今は、もう失くしてしまっているので、私の記憶に頼る他はないのですが、1964年4月号の 『芸術新潮』 に 「ダリの採点」 と題する紹介記事が掲載されました。 それは、当時、現代絵画の寵児の一人であったダリが、ヨーロッパ絵画の歴史的巨匠達を自分の<好み>で<裁定>してみせた興味津々の読み物でした。 その時の私には、そのダリの<見識>に妥当性があるのかどうか判定する能力が有りませんでしたが、フェルメールとかブークローとか、聞いた事のない画家の名前があがっていて、特に、フェルメールという未知の画家に破格の高得点が与えられている事に驚いて、その号で紹介されていた 「音楽のレッスン」 というカラー印刷を切り抜いて、その後10年位大事に持っていたのでした。

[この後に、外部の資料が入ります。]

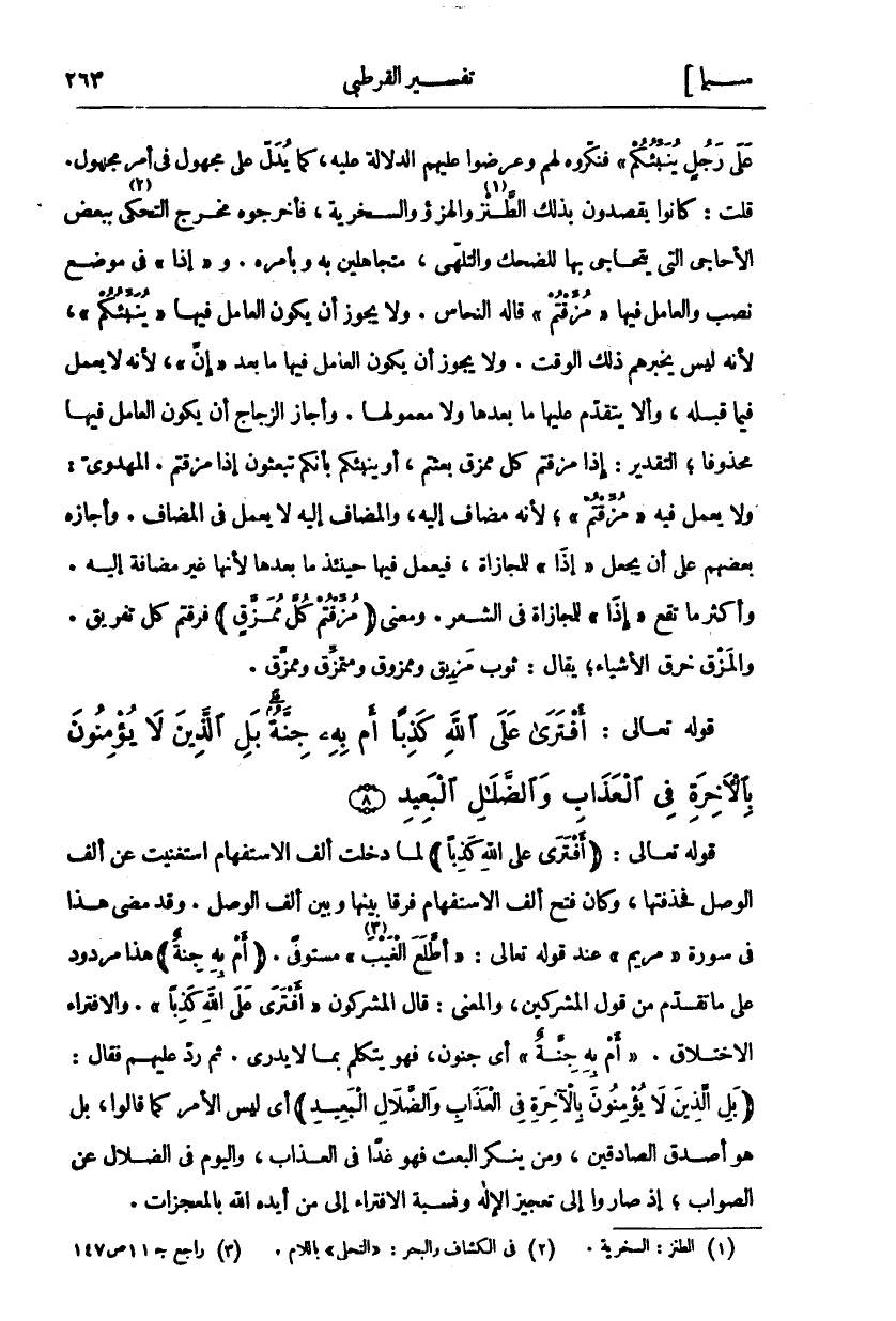 قَوْلُهُ تَعَالَى: (أَفْتَرى عَلَى اللَّهِ كَذِباً) لَمَّا دَخَلَتْ أَلِفُ الِاسْتِفْهَامِ اسْتَغْنَيْتُ عَنْ أَلِفِ الْوَصْلِ فَحَذَفْتُهَا، وَكَانَ فَتْحُ أَلِفِ الِاسْتِفْهَامِ فَرْقًا بَيْنَهَا وَبَيْنَ أَلِفِ الْوَصْلِ. وَقَدْ مَضَى هَذَا فِي سُورَةِ" مَرْيَمَ" عِنْدَ قَوْلِهِ تَعَالَى:" أَطَّلَعَ الْغَيْبَ" «٣» [مريم: ٧٨] مُسْتَوْفًى. (أَمْ بِهِ جِنَّةٌ) هَذَا مَرْدُودٌ عَلَى مَا تَقَدَّمَ مِنْ قَوْلِ الْمُشْرِكِينَ، وَالْمَعْنَى: قَالَ الْمُشْرِكُونَ" أَفْتَرى عَلَى اللَّهِ كَذِباً". وَالِافْتِرَاءُ الِاخْتِلَاقُ." أَمْ بِهِ جِنَّةٌ" أَيْ جُنُونٌ، فَهُوَ يَتَكَلَّمُ بِمَا لَا يَدْرِي. ثُمَّ رَدَّ عَلَيْهِمْ فَقَالَ: (بَلِ الَّذِينَ لَا يُؤْمِنُونَ بِالْآخِرَةِ فِي الْعَذابِ وَالضَّلالِ الْبَعِيدِ) أَيْ لَيْسَ الْأَمْرُ كَمَا قَالُوا، بَلْ هُوَ أَصْدَقُ الصَّادِقِينَ، وَمَنْ يُنْكِرُ الْبَعْثَ فَهُوَ غَدًا فِي الْعَذَابِ، وَالْيَوْمَ فِي الضَّلَالِ عَنِ الصَّوَابِ، إِذْ صَارُوا إِلَى تَعْجِيزِ الْإِلَهِ وَنِسْبَةِ الِافْتِرَاءِ إِلَى مَنْ أَيَّدَهُ اللَّهُ بِالْمُعْجِزَاتِ.

ところが今月号(2004年3月号)の 『美術の窓』 のダリの特集に、その採点表が<簡単に>紹介されていました。 “1600円は高いなぁ”・・と思いながらも、その1ページのために買い求めました。 改めて<点検>をしてみて、悪くない<趣味>と思いました。 フェルメールを別にすると、あと、ヴェラスケスとラファエロが高得点です。 採点は次の九つの項目 「技術」 「霊感」 「色彩」 「主題」 「天才」 「構成」 「独創性」 「神秘性」 「真実性」 からなっています。 私には 「霊感」 と 「天才」 と 「独創性」 がどう違うのか不明ですが、項目の分類は、誰がやっても納得のいくものにはならないでしょう。 私の今の興味からいえば 「霊感」 を一番注目したいところです。
私の実感では<再現>の絵画の出来栄えは、とどのつまりは<輪郭線>の表情づけの<完璧さ加減>に尽きると考えています。 我が家の壁に貼ってあるフェルメールの 「牛乳を注ぐ女」 とヴェラスケスの 「水売りの男」 のポスターの<輪郭線>は精妙を極めていて、“そう思い、決めて視ない限りは” 現実の輪郭は<その様>には視えないだろうと思わせる<処理>がなされています。 その<処理>に名詞を与えるとすれば 「霊感」 がよいのかなと考えています。
ちなみに 「霊感」 の項目で20点満点の満点を貰っているのはフェルメールだけです。
私の絵が行き詰った時には、フェルメールやヴェラスケスの 「霊感」 を勉強する事にしています。